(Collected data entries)
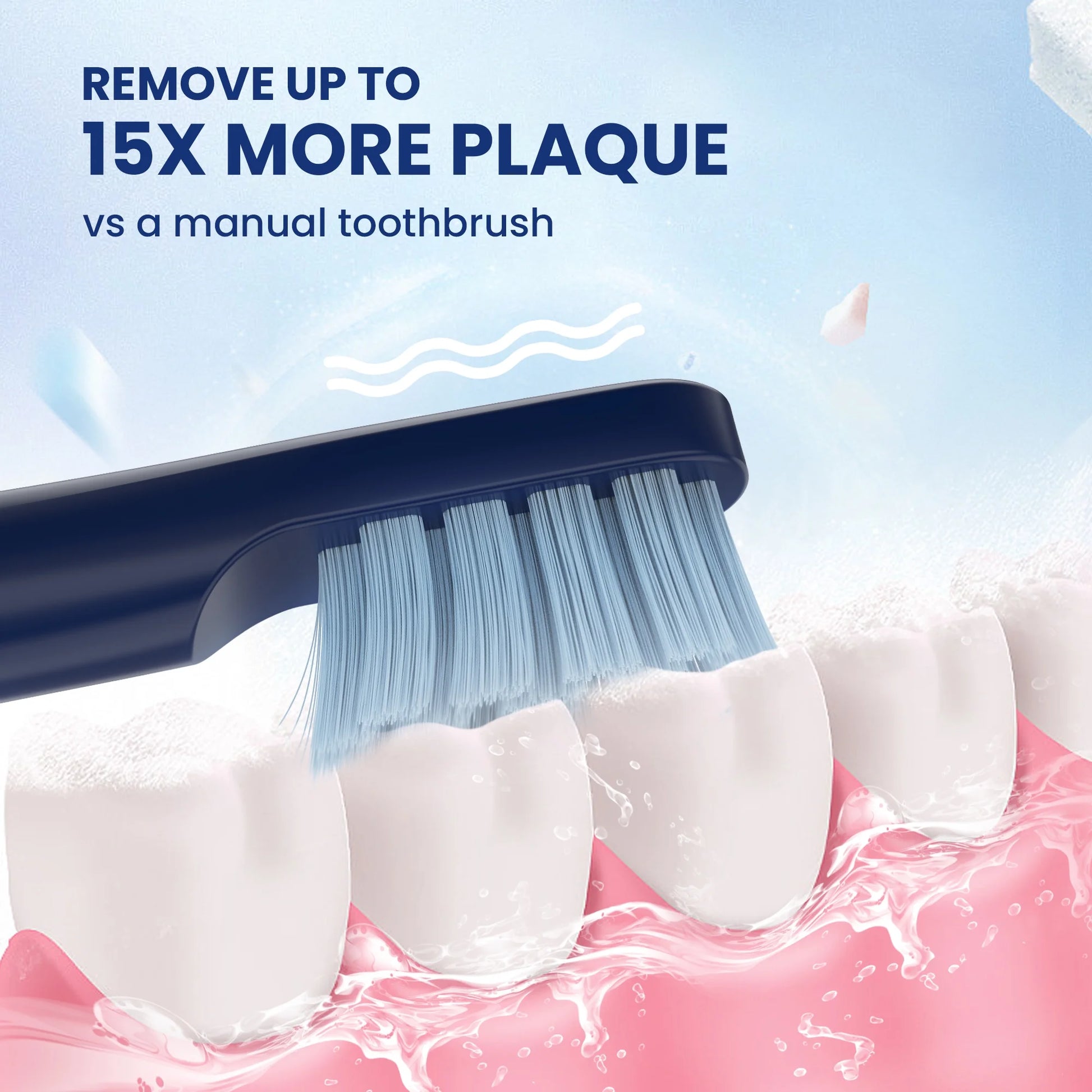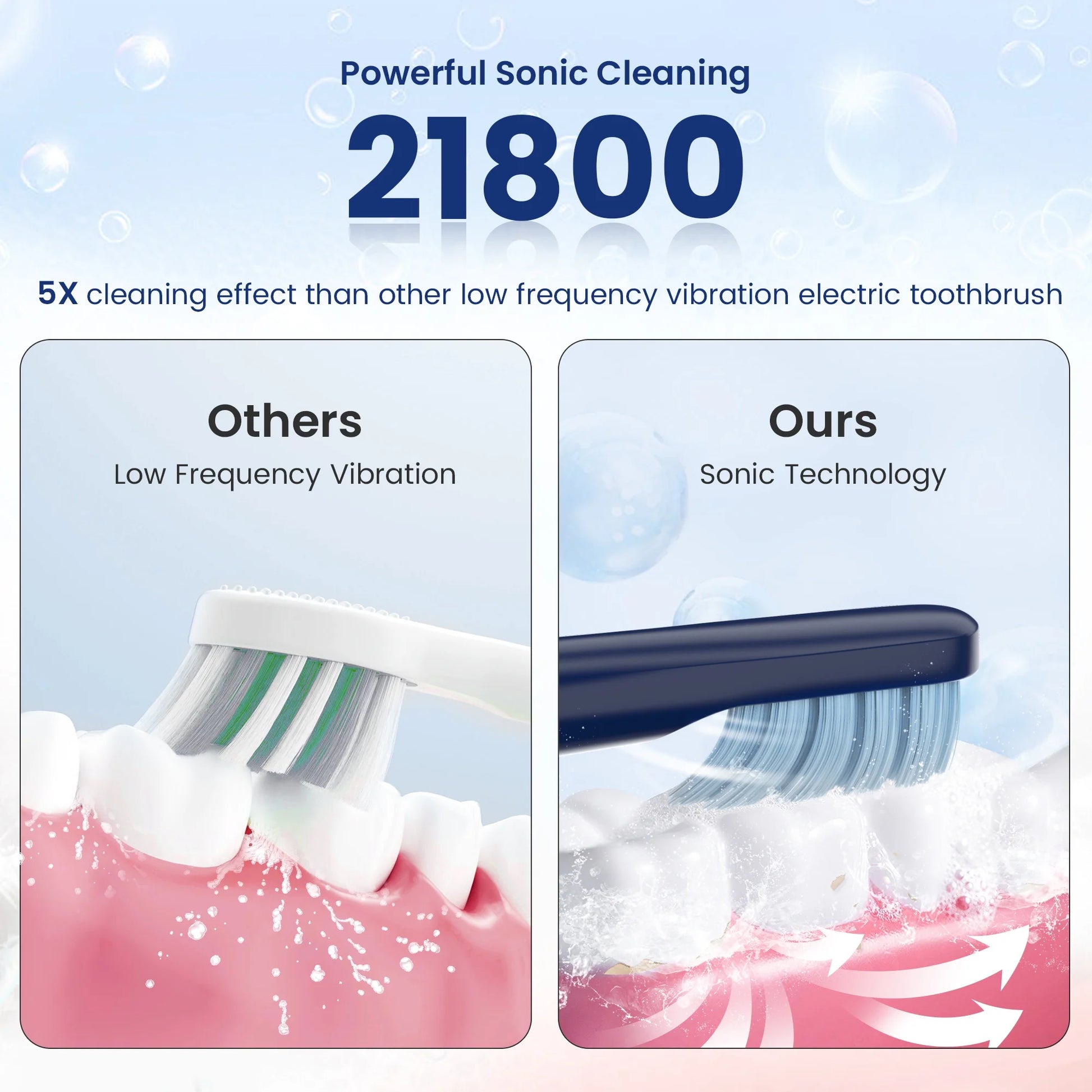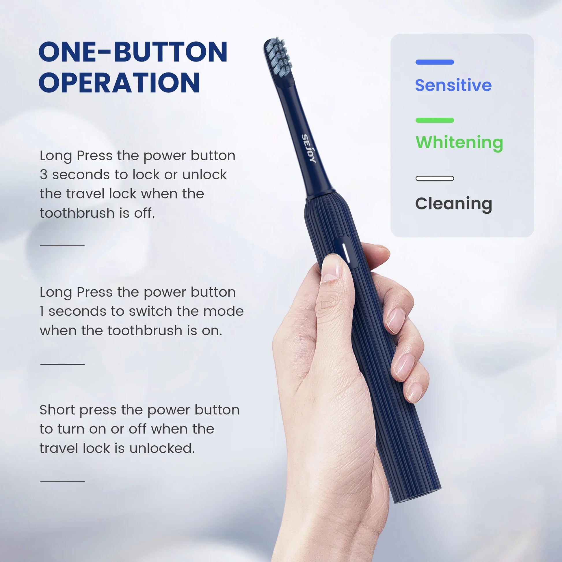 - 【深度清洁牙齿】Sejoy电动牙刷每分钟振动21,800次,去除的牙渍比手动牙刷多15倍。声波技术轻柔地将液体脉冲输送到牙齿之间和牙龈线,每次都能带来温和有效的清洁。
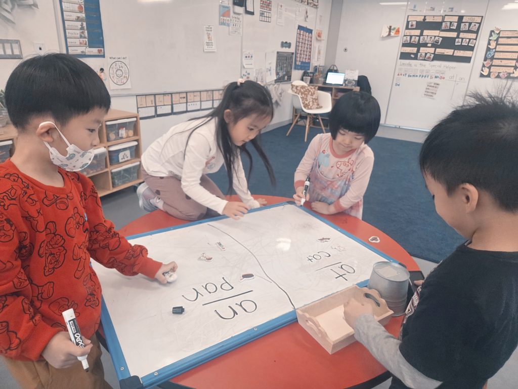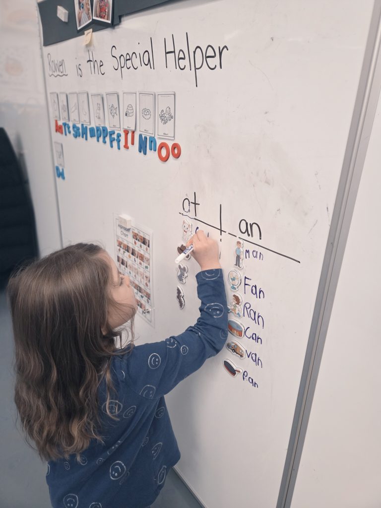 In literacy, we continued strengthening our understanding of letters and sounds. We continued working with CVC (consonant‑vowel‑consonant) words, learning how to tap and blend sounds to read simple words. The students are becoming confident little readers—it’s exciting to see their skills grow!
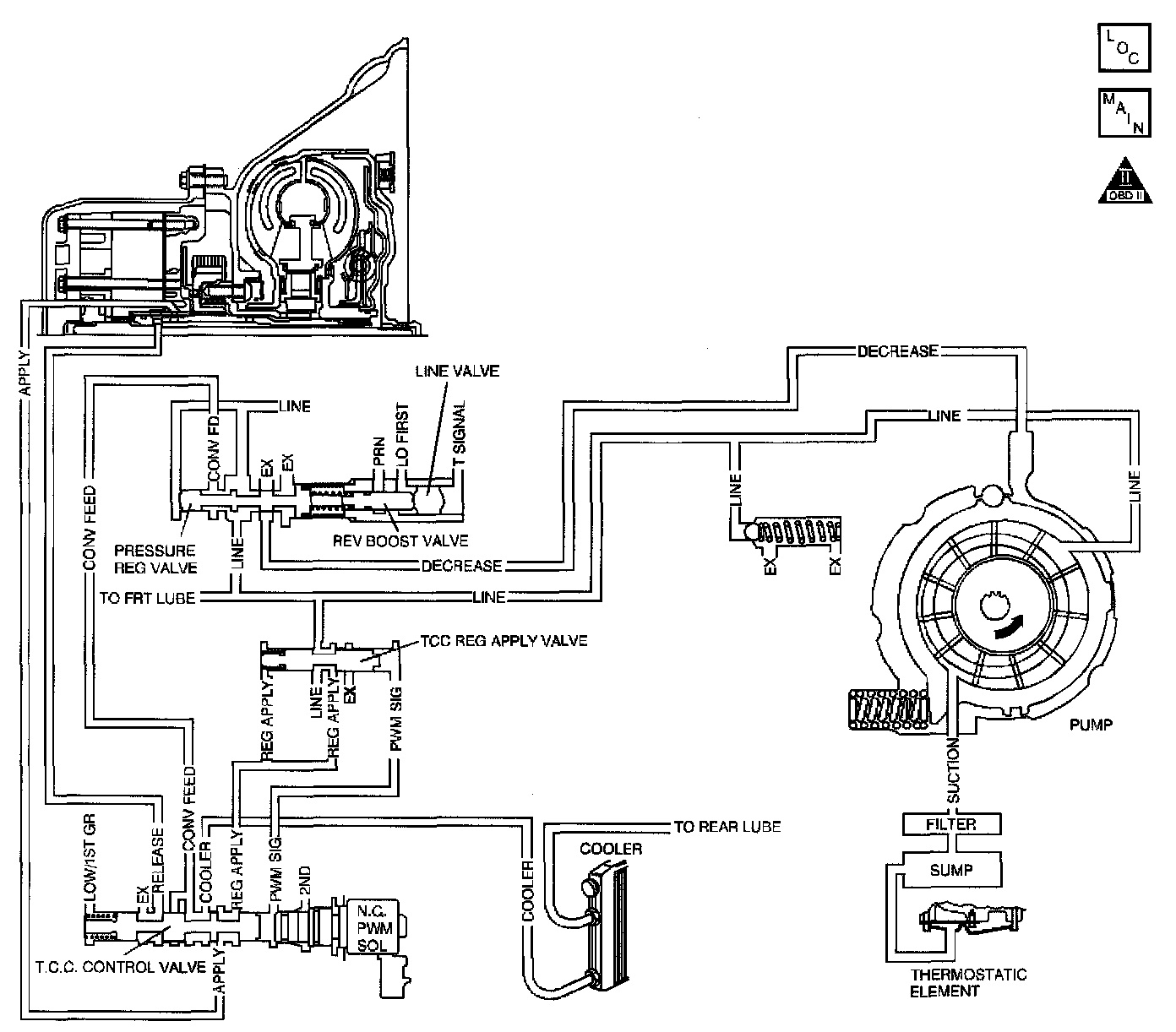 Hot fluid from the torque converter flows through the TCC control valve into the cooler lines to the oil cooler located in the vehicle radiator (and auxiliary cooler if equipped). Cool fluid then returns to lubricate the final drive assembly and Other components along the output shaft.
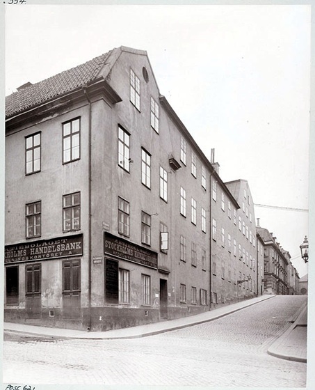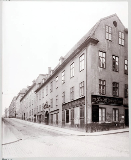 I ändringsritningen anges: Thetta huus skall efter thenna ritning blifva reparerat för Hr. Schiönborg et Almquist, hvilket är beläget vid Skeppsbroen i Stockholm Sub Numero 36″.
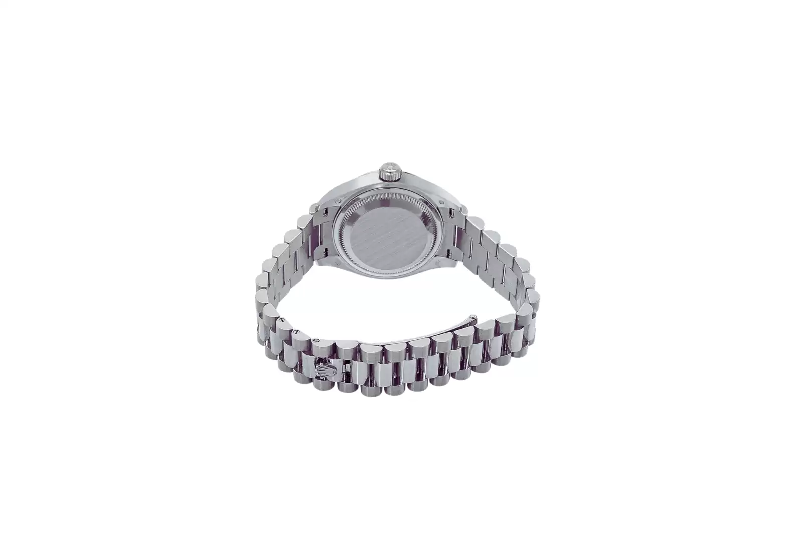 In summary, the Pre-owned Rolex Lady-Datejust 28 White Gold Women's Watch 279139RBR-0002 is a true masterpiece that celebrates the artistry and precision of Rolex. With its exquisite design, luxurious materials, and exceptional functionality, this watch is a must-have for any discerning woman who appreciates timeless beauty.
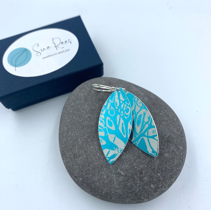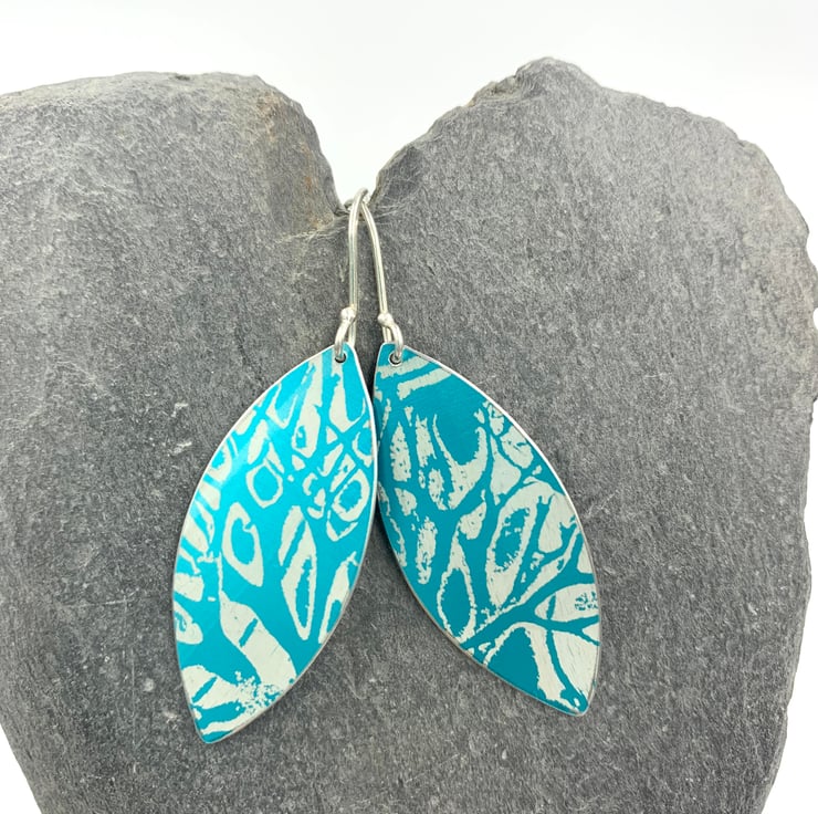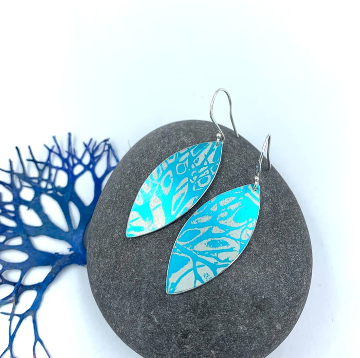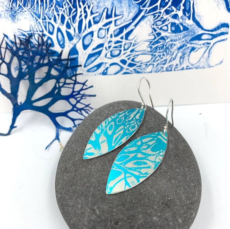 These stunning earrings are truly unique! I printed the pressed seaweed onto paper, then laser etched the design onto hand painted anodised aluminium. They hang from handmade sterling silver hooks.
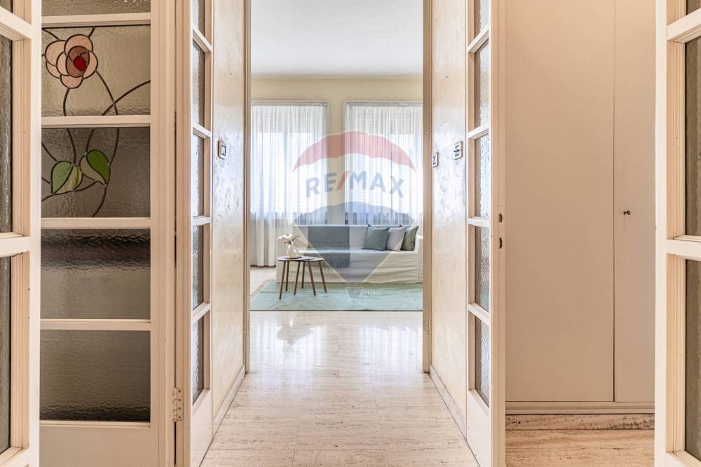 L'appartamento si trova al secondo piano, servito da ascensore, e si sviluppa su tre locali con doppi servizi e doppi balconi. Inserito in uno stabile degli anni 60, si distingue per gli spazi generosi e i soffitti alti, caratteristiche che donano respiro, luce e grande possibilità di personalizzazione. Grazie all'ampia metratura, è possibile ricavare con facilità anche una terza camera da letto o uno studio.

EXERCISE PROMPT:
In the data above, find the line containing "I ändringsritningen anges: Thetta"; from there, please write out each line through the end, exactly, with the pictures omitted.

YOUR SOLUTION:
 I ändringsritningen anges: Thetta huus skall efter thenna ritning blifva reparerat för Hr. Schiönborg et Almquist, hvilket är beläget vid Skeppsbroen i Stockholm Sub Numero 36″.
 In summary, the Pre-owned Rolex Lady-Datejust 28 White Gold Women's Watch 279139RBR-0002 is a true masterpiece that celebrates the artistry and precision of Rolex. With its exquisite design, luxurious materials, and exceptional functionality, this watch is a must-have for any discerning woman who appreciates timeless beauty.
 These stunning earrings are truly unique! I printed the pressed seaweed onto paper, then laser etched the design onto hand painted anodised aluminium. They hang from handmade sterling silver hooks.
 L'appartamento si trova al secondo piano, servito da ascensore, e si sviluppa su tre locali con doppi servizi e doppi balconi. Inserito in uno stabile degli anni 60, si distingue per gli spazi generosi e i soffitti alti, caratteristiche che donano respiro, luce e grande possibilità di personalizzazione. Grazie all'ampia metratura, è possibile ricavare con facilità anche una terza camera da letto o uno studio.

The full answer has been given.